- [EXERCISE DESCRIPTION]:
Set down each entry below exactly as written, keeping the pictures out.

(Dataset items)

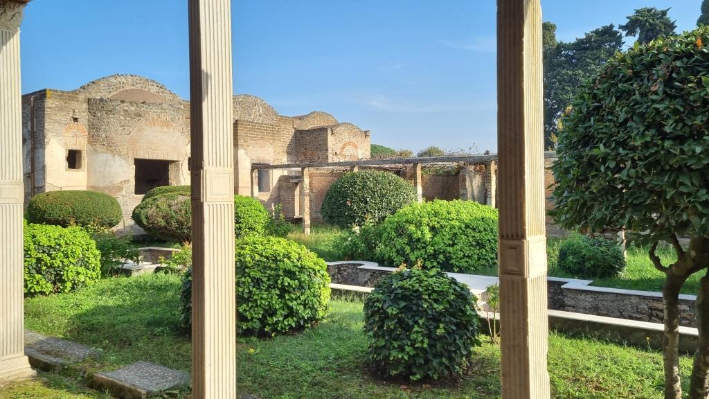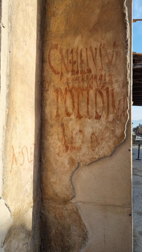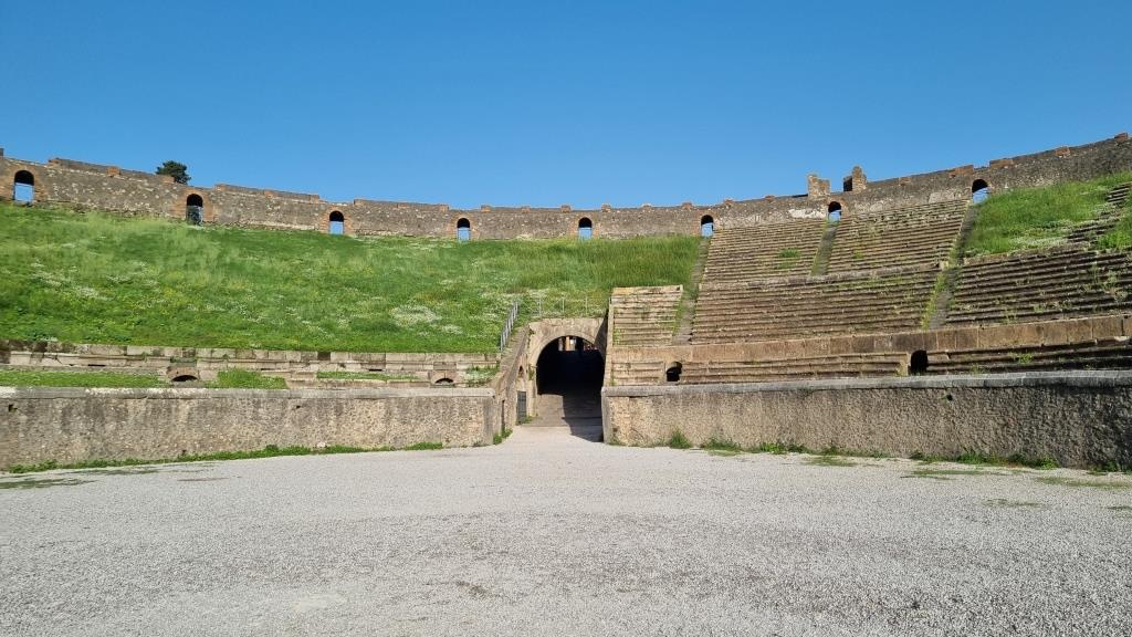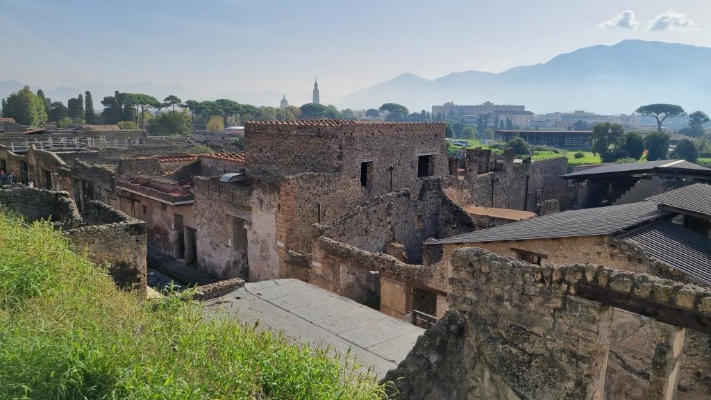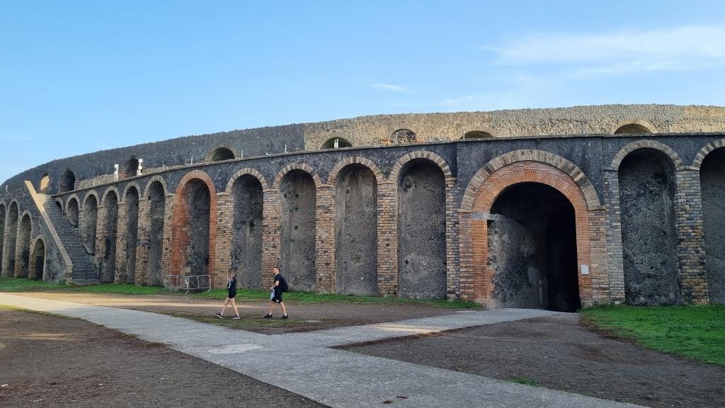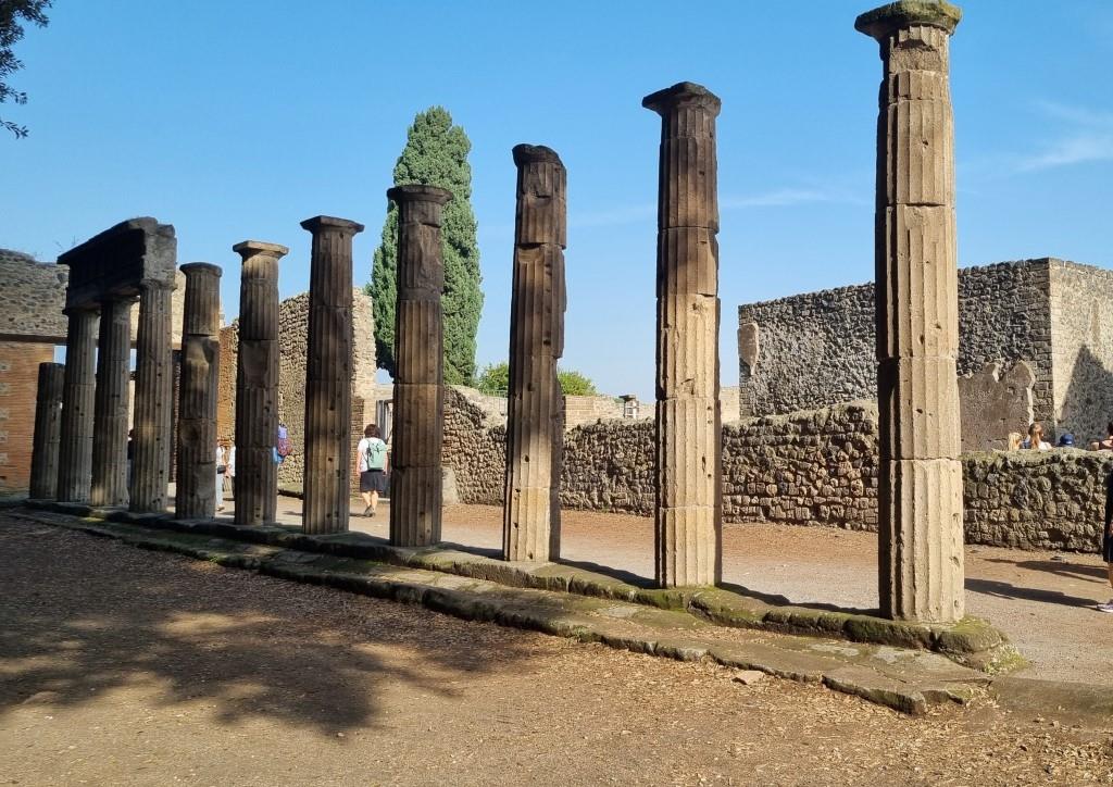 Auf unserer Amalfireise im Oktober 2024 haben wir Sorrent, Ischia, Capri, die Amalfiküste und Neapel besucht. Jetzt fehlt noch die Ausgrabungsstätte Pompeji und der Vesuv. Heute schliessen wir uns wieder unserer Reisegruppe an, da dieser Ausflug im Arrangement inbegriffen ist. Nach dem Frühstück holt uns unsere Reiseleiterin Josephine ab, die übrigens einen Superjob macht. Sie hat immer alles im Griff, organisiert alles perfekt und ist sehr sympatisch und witzig, ausserdem spricht sie sehr gut deutsch. Also sie holt uns ab und wir fahren mit dem Bus nach Pompeji. Heute liegen 4 Kreuzfahrtschiffe im Hafen von Neapel und es werden viele Menschen in Pompeji erwartet. Deshalb nehmen wir einen anderen Eingang und sind am Anfang noch fast alleine unterwegs. Gut gemacht Josephine.
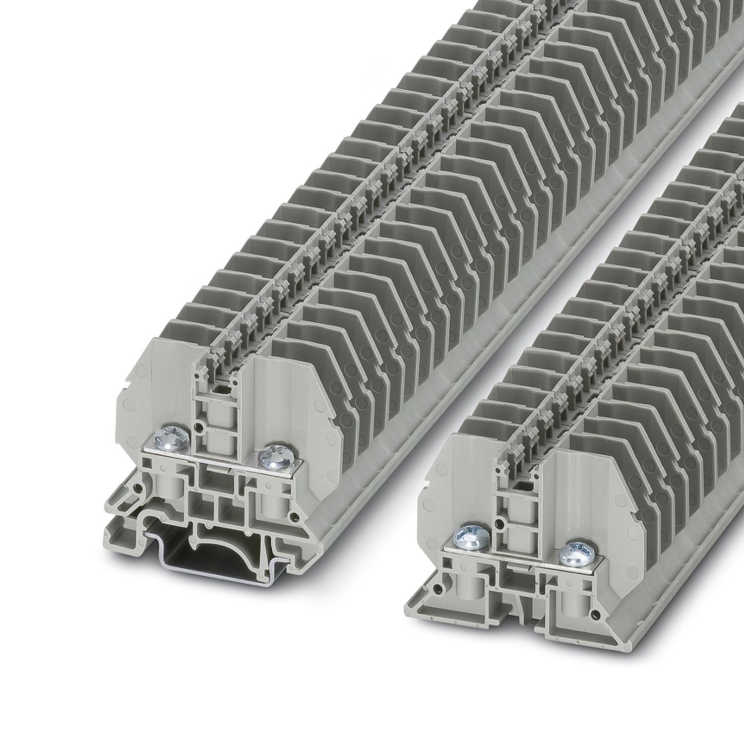 Нанесение больших надписей и сплошной маркировки на внешней стороне и в центре клемм|Монтаж на обычных несущих рейках или прямо в распределительной коробке|Компактное винтовое соединение с помощью кольцевых или вилочных кабельных наконечников|Гайки и токопроводящие элементы зафиксированы в изолирующем корпусе, что предотвращает возможность утери|Устанавливаемый непосредственно на клеммы защитный профиль обеспечивает защиту от прикосновений|Изолирующая перемычка с мостиковым контактом позволяет выполнять коммутируемые поперечные соединения, при этом винт перемычки служит токопроводящим коммутационным звеном|Гнездо для перемычки служит для разветвления цепи при помощи стандартной винтовой перемычки
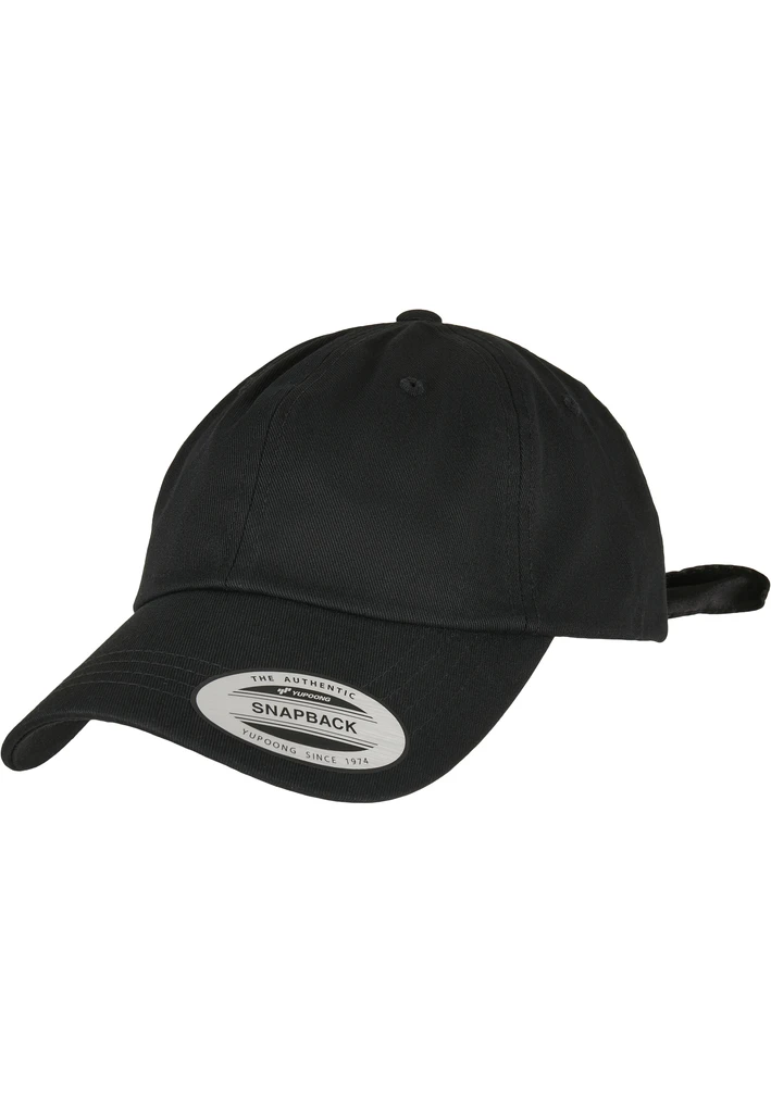 Čepice a šátek - klasická kombinace. Ne tak často se však stává, že byste oba doplňky našli zkombinované v jednom kusu, jako je tomu například u kšiltovky Satin Bow Snapback. Místo typické kovové spony je tato jednobarevná kšiltovka vybavena lesklou saténovou mašlí ve stylu šátku - včetně wow efektu.
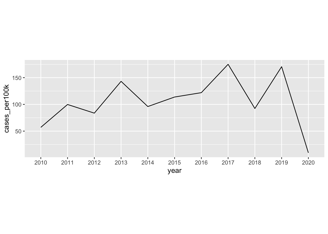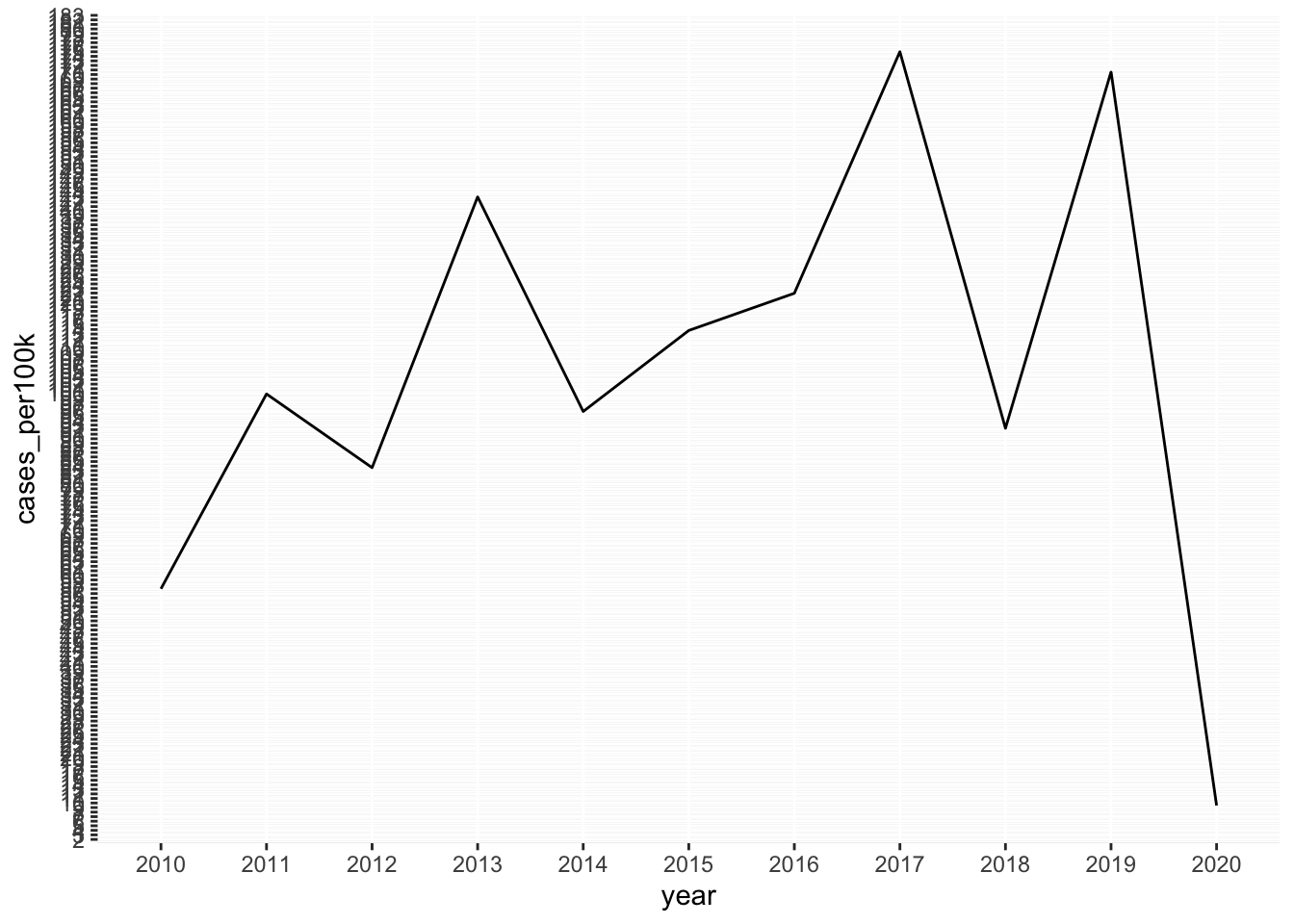 - here, 10 units on our x-axis (years 2010 - 2020), and ~175 units (case_per100k 0 to ~175) on our y-axis
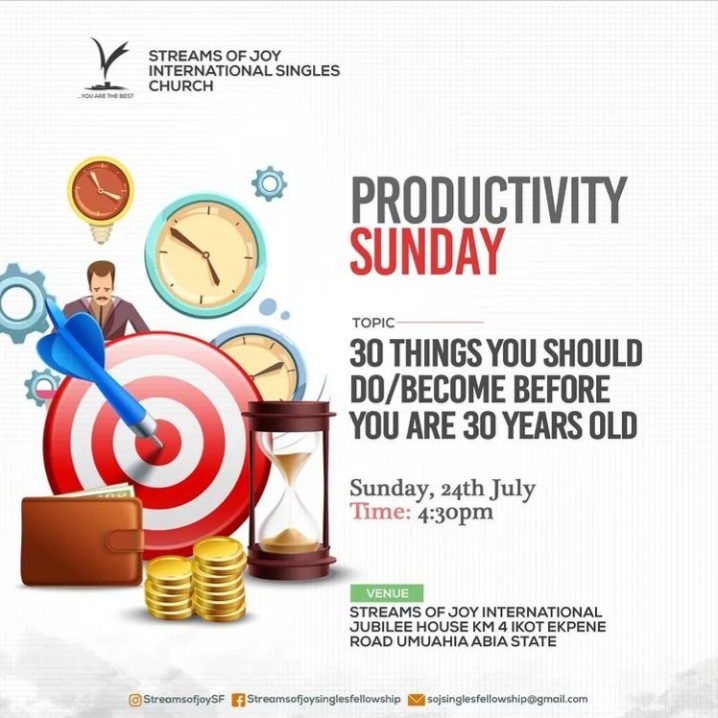 Hey there, how are we doing today?? Last week Sunday during the Singles Church we had our Productivity Sunday were taught 30 things we should do or become before we are 30.
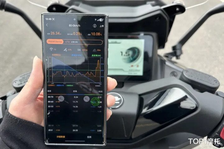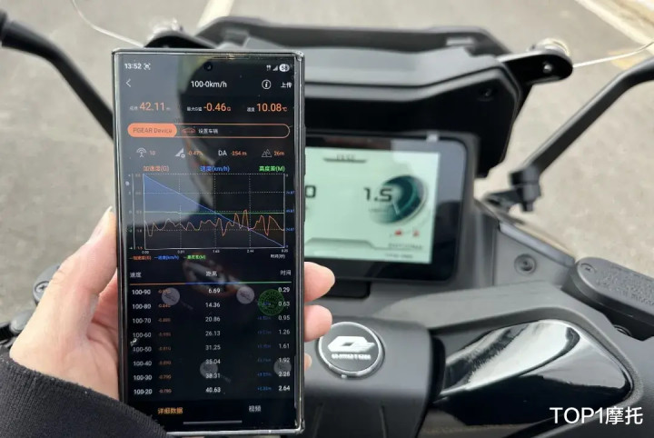 本次测试环境温度10.08°,油箱容量一格,小编体重69kg,实测鸿350GS的零百加快最好收货为8.77秒,其中0-30km/h加快用时1.33秒,0-50km/h加快用时2.46秒,0-80km/h加快用时5.37秒,0-90km/h加快用时6.89秒。这个零百加快收货进展,参考机车圈加快名次榜,简直与本田NSS350(8.7s)保持一致。
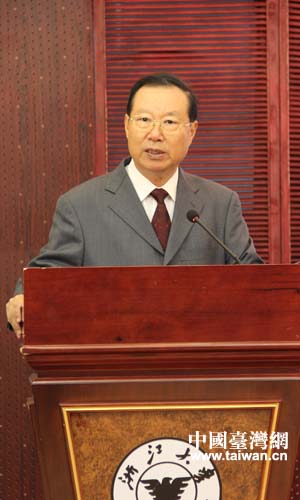 隨后,浙江大學(xué)黨委書記金德水、臺(tái)灣“國(guó)策研究院”董事長(zhǎng)兼院長(zhǎng)田弘茂、臺(tái)灣海基會(huì)副董事長(zhǎng)許勝雄和臺(tái)灣中廣集團(tuán)董事長(zhǎng)張榮恭分別致辭。

- [ANSWER SECTION]:
 Auf unserer Amalfireise im Oktober 2024 haben wir Sorrent, Ischia, Capri, die Amalfiküste und Neapel besucht. Jetzt fehlt noch die Ausgrabungsstätte Pompeji und der Vesuv. Heute schliessen wir uns wieder unserer Reisegruppe an, da dieser Ausflug im Arrangement inbegriffen ist. Nach dem Frühstück holt uns unsere Reiseleiterin Josephine ab, die übrigens einen Superjob macht. Sie hat immer alles im Griff, organisiert alles perfekt und ist sehr sympatisch und witzig, ausserdem spricht sie sehr gut deutsch. Also sie holt uns ab und wir fahren mit dem Bus nach Pompeji. Heute liegen 4 Kreuzfahrtschiffe im Hafen von Neapel und es werden viele Menschen in Pompeji erwartet. Deshalb nehmen wir einen anderen Eingang und sind am Anfang noch fast alleine unterwegs. Gut gemacht Josephine.
 Нанесение больших надписей и сплошной маркировки на внешней стороне и в центре клемм|Монтаж на обычных несущих рейках или прямо в распределительной коробке|Компактное винтовое соединение с помощью кольцевых или вилочных кабельных наконечников|Гайки и токопроводящие элементы зафиксированы в изолирующем корпусе, что предотвращает возможность утери|Устанавливаемый непосредственно на клеммы защитный профиль обеспечивает защиту от прикосновений|Изолирующая перемычка с мостиковым контактом позволяет выполнять коммутируемые поперечные соединения, при этом винт перемычки служит токопроводящим коммутационным звеном|Гнездо для перемычки служит для разветвления цепи при помощи стандартной винтовой перемычки
 Čepice a šátek - klasická kombinace. Ne tak často se však stává, že byste oba doplňky našli zkombinované v jednom kusu, jako je tomu například u kšiltovky Satin Bow Snapback. Místo typické kovové spony je tato jednobarevná kšiltovka vybavena lesklou saténovou mašlí ve stylu šátku - včetně wow efektu.
 - here, 10 units on our x-axis (years 2010 - 2020), and ~175 units (case_per100k 0 to ~175) on our y-axis
 Hey there, how are we doing today?? Last week Sunday during the Singles Church we had our Productivity Sunday were taught 30 things we should do or become before we are 30.
 本次测试环境温度10.08°,油箱容量一格,小编体重69kg,实测鸿350GS的零百加快最好收货为8.77秒,其中0-30km/h加快用时1.33秒,0-50km/h加快用时2.46秒,0-80km/h加快用时5.37秒,0-90km/h加快用时6.89秒。这个零百加快收货进展,参考机车圈加快名次榜,简直与本田NSS350(8.7s)保持一致。
 隨后,浙江大學(xué)黨委書記金德水、臺(tái)灣“國(guó)策研究院”董事長(zhǎng)兼院長(zhǎng)田弘茂、臺(tái)灣海基會(huì)副董事長(zhǎng)許勝雄和臺(tái)灣中廣集團(tuán)董事長(zhǎng)張榮恭分別致辭。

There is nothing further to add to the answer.